Nuclear Magnetic Resonance spectroscopy

Successful transformants of AK constructs were subjected to a double colony selection to ensure robust expression in 100% D2O MOPS minimal media[37], supplemented with 0.4% 2H/12C or 2H/13C glucose. Purification was performed as described above; AK was concentrated to 1mM in NMR sample buffer (50 mM HEPES, 20 mM MgCl2, 5 mM TCEP, pH 7.0). Most assignments for all variants were conservatively transferred from previously reported spectra[33]. Relaxation-dispersion experiments[38] used a pulse sequence[39] with 50 ms constant time at 800 MHz field, with data collected at relaxation delays of 9.55, 0.25, and 0.0 (I) ms. TROSY-HSQC spectra were collected in an interleaved manner with 16 transients, 90 ms T1, and 2.5 s delay between transients for each relaxation delay at 19°C. R2 values[40] were calculated from differences of peak intensities. Full details of NMR data acquisition, processing, analysis, and interpretation are given in Supplementary Information.
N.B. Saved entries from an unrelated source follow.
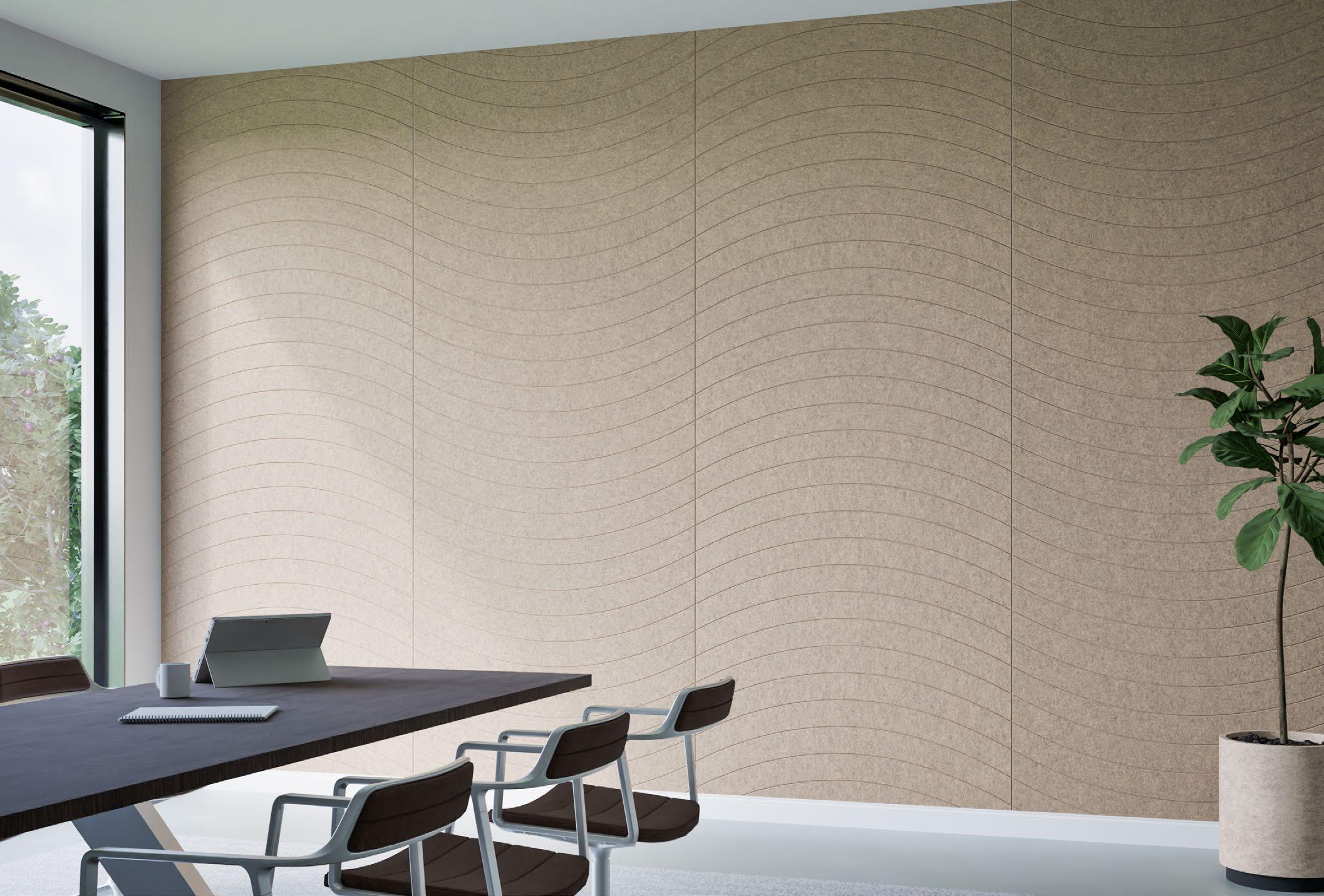 • Un panneau acoustique en feutre PET avec un choix parmi 21 couleurs (voir page 33) et éventuellement une impression personnalisée (uniquement sur White - P001) ou le motif en V-cut DP01 en option.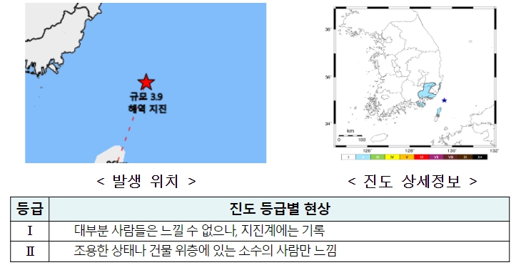 | ▲ 지진발생 위치 및 진도 상세정보 |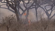 An Abyssinian roller lands on a tree branch near burning grass. Available in HD. (Core Number: NBRD499Y)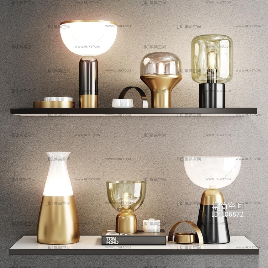 现代轻奢玻璃金属台灯组合 3d模型下载 [模型ID:106872]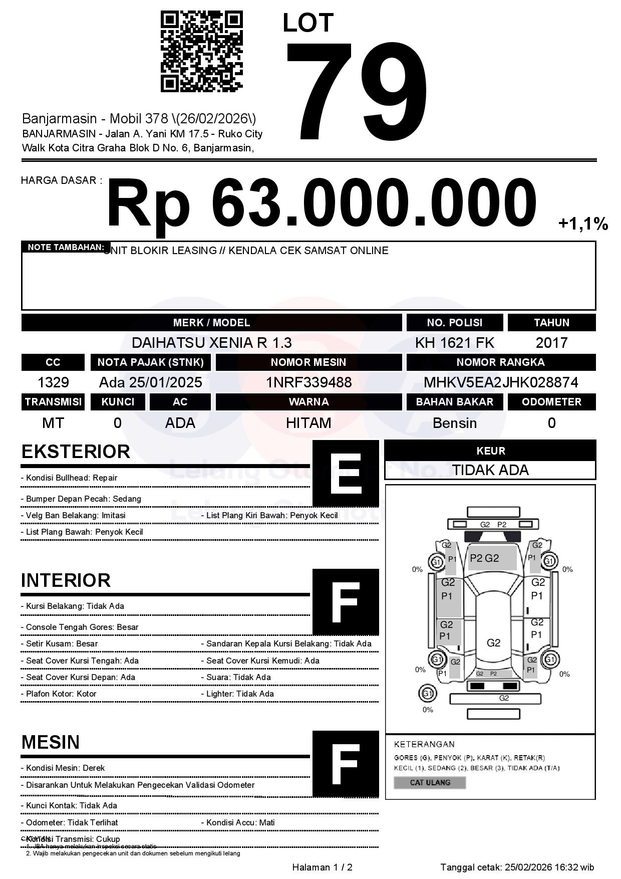 Tanggal Lelang: 26/02/2026 | 13:00 WITA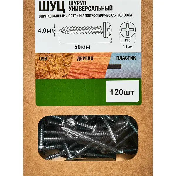 **Саморезы универсальные Сфера оцинкованные 4x50 мм 120 шт.** - универсальные саморезы Сфера оцинкованные — универсальные шурупы из оцинкованной стали для фиксации различных материалов. Обеспечивают плотный контакт элементов и надежное соединение.Цинкование или пассивирование шурупов делает их более устойчивыми к воздействию влаги, агрессивных сред. Пассивирование придает шурупу и декоративный вид.

Ensemble model and estimation of conformational population

The Ensemble Allosteric Model[41] used experimentally determined stabilities and domain interaction energies (Extended Data table 1) to compute Boltzmann-weighted temperature-dependent AK ensemble populations (Main Text figures 2b&c). Three thermodynamic states were permitted: fully folded (P), binding incompetent locally unfolded LID (P), and fully unfolded (P). Full details are given in Supplementary Information.

Statistical information

In all figures, error bars indicate the standard deviation around the mean value for at least three independent data points. There is one exception, Main Text figure 5d, where the bars are derived from propagation of errors between differences of mutant and WT activity and affinity measurements (which are explicitly reported in Supplementary Information).